Mari O. HUNTER, Individually and as Trustee of the Anne Klimowicz Irrevocable Trust, Appellant-Defendant,
v.
Anne KLIMOWICZ, Appellee-Plaintiff.
No. 45A03-0606-CV-263.
Court of Appeals of Indiana.
August 31, 2007.*1110 Patrick B. McEuen, Millbranth & Bush, Valparaiso, IN, Attorney for Appellant.
Margo R. Babineaux, Meinzer & Babineaux, St. John, IN, Attorney for Appellee.
OPINION ON REHEARING
BAKER, Chief Judge.
We grant the petition for rehearing filed by appellant-defendant Mari O. Hunter, individually and as trustee of the Anne Klimowicz Irrevocable Trust (the Trust), for the limited purpose of correcting the test applied to evaluate the capacity of appellee-defendant Anne Klimowicz to execute the Trust. In our opinion, we evaluated Anne's capacity pursuant to Indiana Code section 30-4-2-10(c), which provides that to create an irrevocable trust, the settlor must "be of sound mind and have a reasonable understanding of the nature and effect of the act and the terms of the trust." As Hunter points out in her petition, however, this section of the statute did not exist until the statute was amended in January 2006. Inasmuch as the Trust was executed in 2000, the statute is not the *1111 correct tool to use to evaluate Anne's capacity.[1]
Instead, the test to be applied to a pre-2006 trust to determine the settlor's capacity is the same as that applied to testators. Specifically, it is presumed that the settlor was of sound mind. The burden is then on the challenging party to rebut that presumption by establishing that the settlor lacked capacity to know (1) the extent and value of his property, (2) those who are the natural objects of his bounty, and (3) their deserts, with respect to their treatment and conduct toward him. Gast v. Hall, 858 N.E.2d 154, 164 (Ind.Ct.App.2006).

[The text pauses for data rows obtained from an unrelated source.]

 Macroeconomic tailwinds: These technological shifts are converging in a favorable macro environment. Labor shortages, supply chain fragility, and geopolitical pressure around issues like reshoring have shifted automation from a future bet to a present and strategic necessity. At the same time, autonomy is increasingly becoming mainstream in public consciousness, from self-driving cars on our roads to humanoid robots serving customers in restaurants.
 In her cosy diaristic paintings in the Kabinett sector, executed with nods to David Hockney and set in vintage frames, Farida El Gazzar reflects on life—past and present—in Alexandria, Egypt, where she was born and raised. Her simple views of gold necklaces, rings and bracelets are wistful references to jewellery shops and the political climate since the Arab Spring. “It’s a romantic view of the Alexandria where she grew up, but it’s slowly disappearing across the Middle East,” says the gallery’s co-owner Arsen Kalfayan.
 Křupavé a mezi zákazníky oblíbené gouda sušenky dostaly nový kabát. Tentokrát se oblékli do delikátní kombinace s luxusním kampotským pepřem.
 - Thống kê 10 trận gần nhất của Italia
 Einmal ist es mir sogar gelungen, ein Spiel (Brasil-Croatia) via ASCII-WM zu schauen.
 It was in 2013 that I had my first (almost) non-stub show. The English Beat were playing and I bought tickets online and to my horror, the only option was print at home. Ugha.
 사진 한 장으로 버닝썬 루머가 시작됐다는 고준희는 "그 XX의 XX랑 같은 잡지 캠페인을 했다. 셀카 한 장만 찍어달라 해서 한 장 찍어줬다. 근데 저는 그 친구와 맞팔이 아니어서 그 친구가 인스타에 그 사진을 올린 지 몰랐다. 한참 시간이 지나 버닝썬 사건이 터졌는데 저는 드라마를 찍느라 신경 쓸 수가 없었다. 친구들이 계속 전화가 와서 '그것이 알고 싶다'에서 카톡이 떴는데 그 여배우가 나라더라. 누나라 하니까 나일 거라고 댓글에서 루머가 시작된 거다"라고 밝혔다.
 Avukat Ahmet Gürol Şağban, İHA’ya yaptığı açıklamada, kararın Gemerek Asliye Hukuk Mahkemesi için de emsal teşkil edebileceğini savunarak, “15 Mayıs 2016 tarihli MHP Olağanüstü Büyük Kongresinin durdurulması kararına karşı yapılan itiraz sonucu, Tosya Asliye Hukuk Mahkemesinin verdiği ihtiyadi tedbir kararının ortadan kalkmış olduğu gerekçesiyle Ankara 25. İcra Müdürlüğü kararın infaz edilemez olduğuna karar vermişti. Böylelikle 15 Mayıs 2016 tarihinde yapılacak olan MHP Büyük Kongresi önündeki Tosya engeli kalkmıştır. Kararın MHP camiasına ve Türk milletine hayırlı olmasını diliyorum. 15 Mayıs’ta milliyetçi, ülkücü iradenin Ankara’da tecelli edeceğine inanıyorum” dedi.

Here, the trial court determined, and we agree, that Anne successfully rebutted that presumption. Without ret-reading a significant amount of the ground covered in our opinion, we note that Dr. Simaga testified that at the time Anne executed the Trust, she was having difficulty with communication and understanding written and spoken language. He further testified that, at that time, she could not have fully understood a complicated legal document. Appellant's App. p. 140-47. Additionally, when someone showed Anne the Trust documents bearing her signature at a later date, she did not recall the meeting and was perplexed when she noticed her signature. Id. at 25-28. Given this evidence, we are persuaded that the trial court properly concluded that Anne met her burden of establishing that she lacked sufficient capacity to execute the Trust.
In all other respects, we deny Hunter's petition for rehearing.
ARDEN, J., concurs.
ROBB, J., dissents with opinion.
ROBB, Judge, dissenting.
For the reasons set forth in my original concurring in result opinion, I dissent from the majority's conclusion on rehearing that under the pre-2006 test, Anne met her burden of establishing that she lacked sufficient capacity to execute the Trust. As I previously noted, I do not believe Anne rebutted the presumption that she was of sound mind when she created the Trust, as the testimony shows that Anne did know the extent and nature of her property, the natural objects of her bounty, and their desserts. Therefore, I would reverse the decision of the trial court.
NOTES
[1] We note that Hunter has not raised this issue until now, on rehearing. The trial court did not explicitly reference the statute but it clearly applied the rule when it concluded, in part, that Anne did not have "the soundness of mind at the time of the execution of the Agreement, and leading up to the Agreement[,] to understand the nature of the document that she signed." Appellant's App. p. 12. Hunter did not argue that the trial court should have applied a different standard. Even more compelling, Anne explicitly discussed and relied upon the statute in her Appellee's Brief, and Hunter's response to that argument merely concluded that the evidence was insufficient to meet the capacity standard as enunciated by the statute. Nowhere did Hunter contend that the statute did not apply.